Y Radio (YRadio.co.uk)

Programming
- Format: Mixture of news/music/community programming

Ownership
- Owner: YMCA Shareholders

History
- First air date: 2009

= Y Radio =

'Y Radio' was a community-based specialist interest radio service for North Tyneside, which broadcasts online at www.yradio.co.uk and is operated from the YMCA North Tyneside building in Church Way, North Shields. The station features community arts programmes, music programmes and local news and current affairs programmes specifically for the region and wider afield. Originally named Youth Voice FM and operated as part of the VODA scheme, Y Radio is now licensed and regulated.

==History 2009-2012==
Y Radio first began as Youth Voice FM in 2009 as part of the VODA scheme. At this time current presenter Daniel Fawcus took part in the broadcasts, which were originally designed to meet the schemes needs and wishes, and didn't extend much further than those sessions.

In January 2010 Y Radio was given an official relaunch by then station manager Laura Robertson and the original www.yradio.co.uk site was born. The station established a series of 8 programmes with topics from Football to Politics and involved local councillors in the area, students and amateur radio presenters. During this time the programmes received a moderate amount of attention and the station also launched an accompanying magazine which was distributed in the area.

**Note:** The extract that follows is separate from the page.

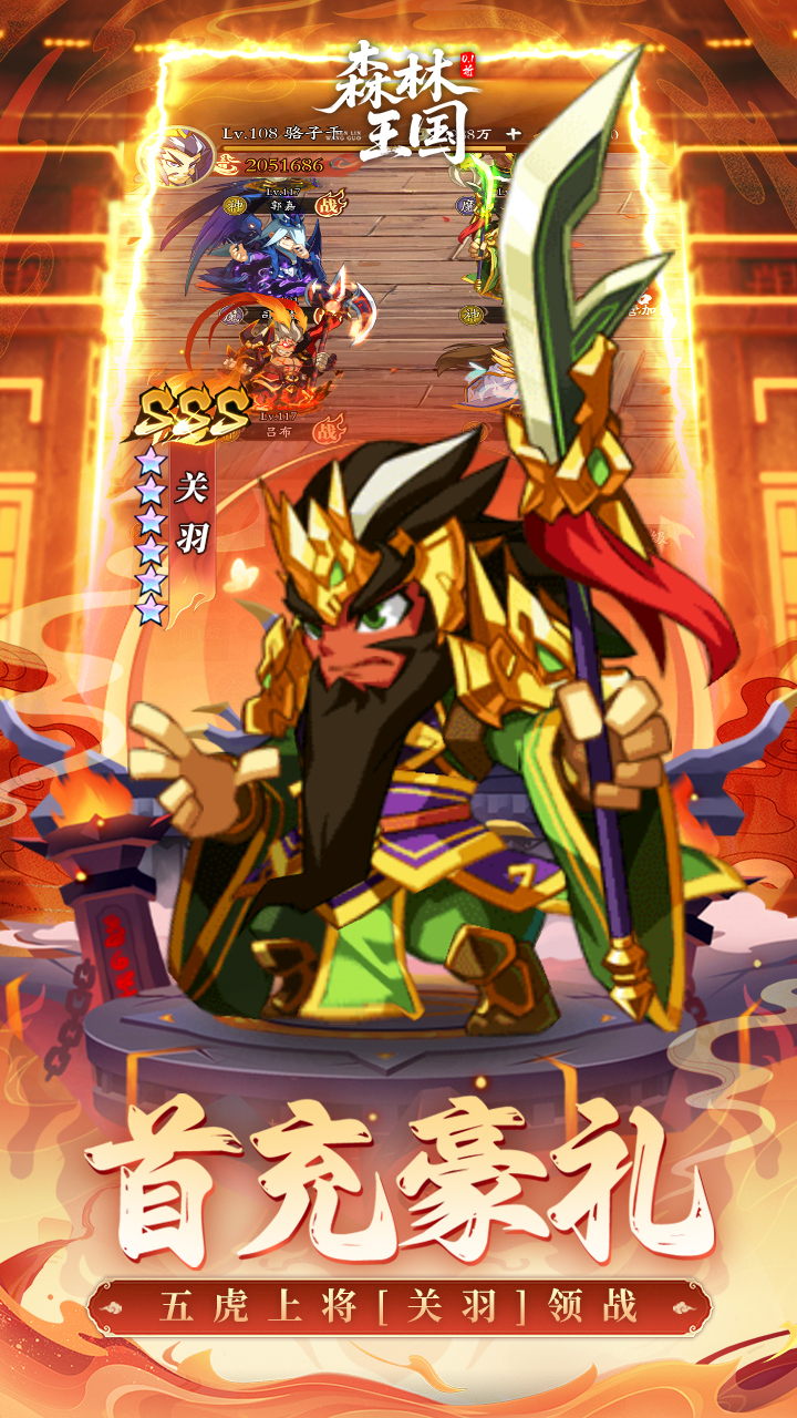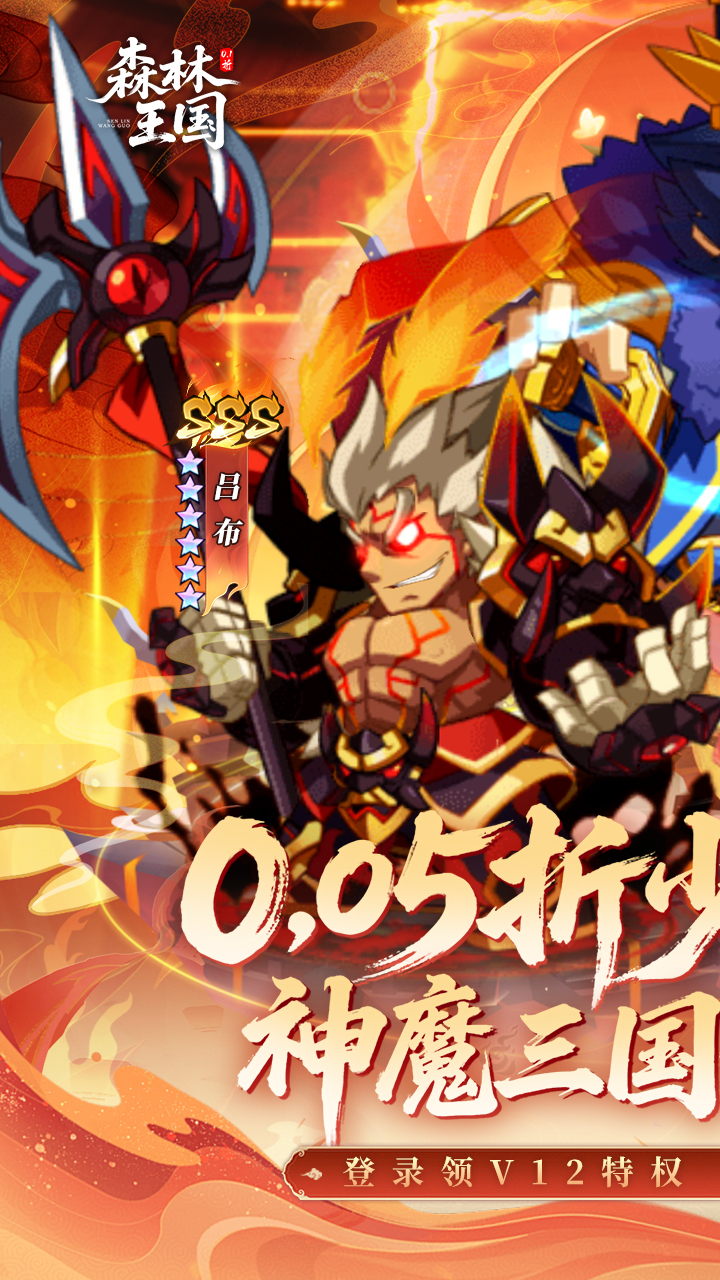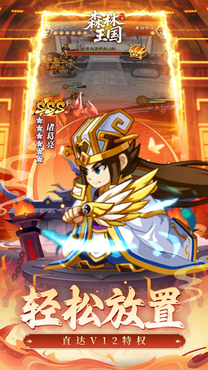 Q萌三国挂机卡牌《森林王国(0.05折千抽神魔无双)》全新版本正式来袭,登录即送特权V12,解锁超多功能。上线再领千抽名将令、千抽神魔令,抽卡嗨不停集齐三国名将,爽玩三国战场。首充解锁五虎上将关羽,佛挡杀佛神挡杀神。放置挂机,护肝养肾,主公快来三国世界厮杀!

In April 2011 the station received another relaunch, with the majority of programmes being either relaunched or re-branded and a massive recruitment drive for presenters being initiated by current station manager Steven Hesse. Steven also relaunched the Y Radio.co.uk with a new mock up and design and went about organising a weekly newsletter informing people of the station's progress.

Steven was also responsible for launching the Multimedia/Review sections of the website which focus on written and video reviews of albums, events, films and games. This gives the presenters a chance to expand on their Journalism skills and review their favourites in more detail.

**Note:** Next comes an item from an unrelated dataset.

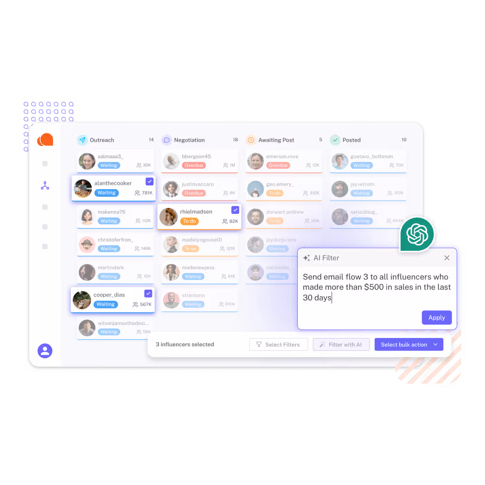 After an influencer makes their first post, you can easily move them into a dedicated relationship board designed to help you nurture and grow that connection. In fact, your top-performing influencers often drive the majority of your ROI. That’s why having the right tools to manage and strengthen these relationships is a key feature every good influencer CRM should provide.
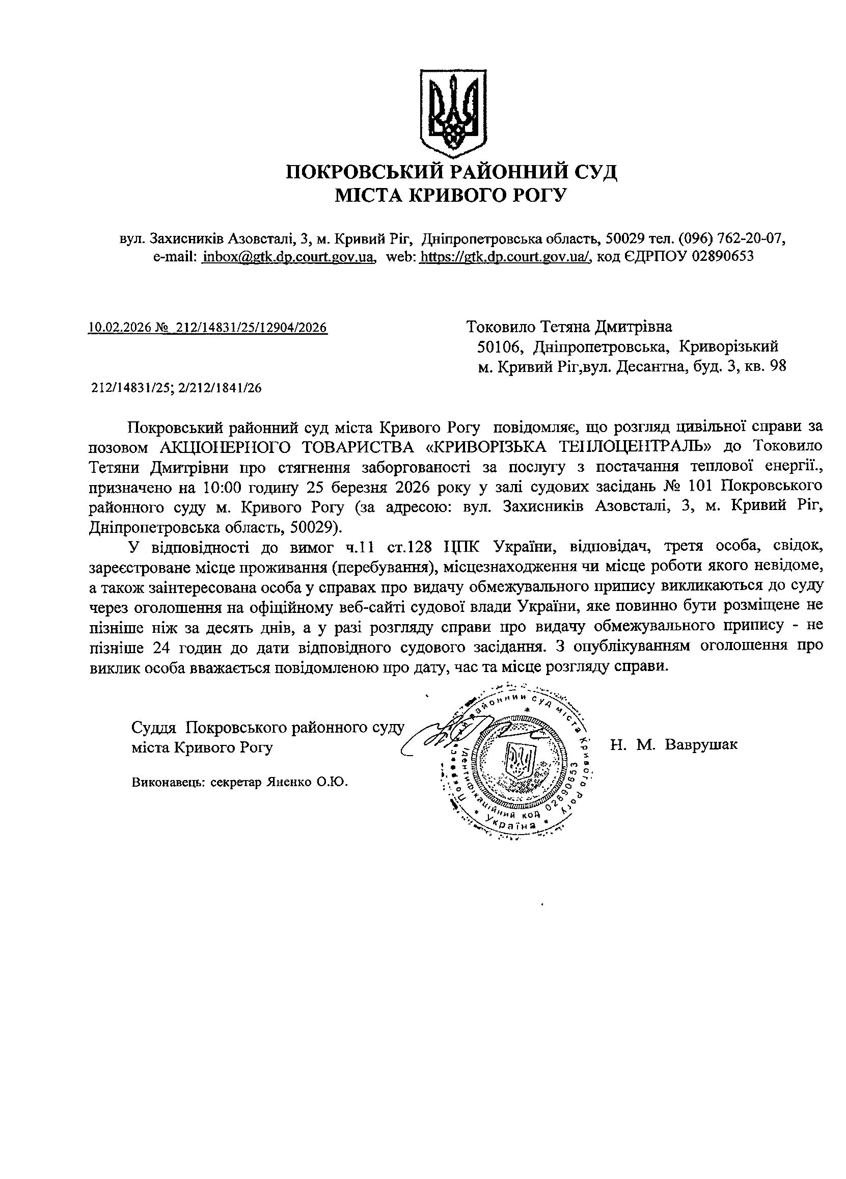 Оголошення про виклик до суду Токовило Тетяну Дмитрівну

About 30 volunteers currently produce and broadcast 35 hours of quality programmes each week from the studios. Shows include The Steven Hesse Show, Game On, Noise Up, Game On, The Film Space, THAT Volunteer Show, The Hepple Show and Stuart Smiles Car Show.

Y Radio also operates its own YouTube channel (YRadioNE) which features an assortment of video interviews from both in and out of the studio with local, national and international musicians.

A Game On newsletter/magazine supplement is also in development and was launched in February 2012

In Feb 2013 YMCA North Shields took the decision not to renew the contracts of the volunteers who were working on Y Radio and, as a result, the station ceased to be from March 2013. In the months leading up to this decision, volunteer recruitment had been harder, due to an accident suffered by Station Manager Hesse.

==The Graveyard Shift==
One of the more original shows on the schedule is The Graveyard Shift, a show presented by Wayne Madden (once a producer at the former UTV Talk107), which is a Hard Rock and Heavy Metal show containing news, views, interviews and reviews from the scene both locally and further afield.

It is the only show on Y Radio to remain unchanged since January 2010 (when it was first broadcast) and has featured both collaborations with festivals like The Damnation Festival and Sonisphere as well as interviews with bands like Trivium, Black Dahlia Murder, Alter Bridge, Theory Of A Deadman and In Flames

==Staff==

- Station Manager - Steven Hesselwood (Hesse)
- Community Liaison - Bruce Robertson
- Press Officer - Wayne Madden
- Michael Hepple - Shadow Board Representative

The station is managed by the YMCA North Tyneside.

==Advertising==
Unlike most commercial stations Y Radio does not currently play any advertisements in keeping with its mission to provide as much informative content as possible.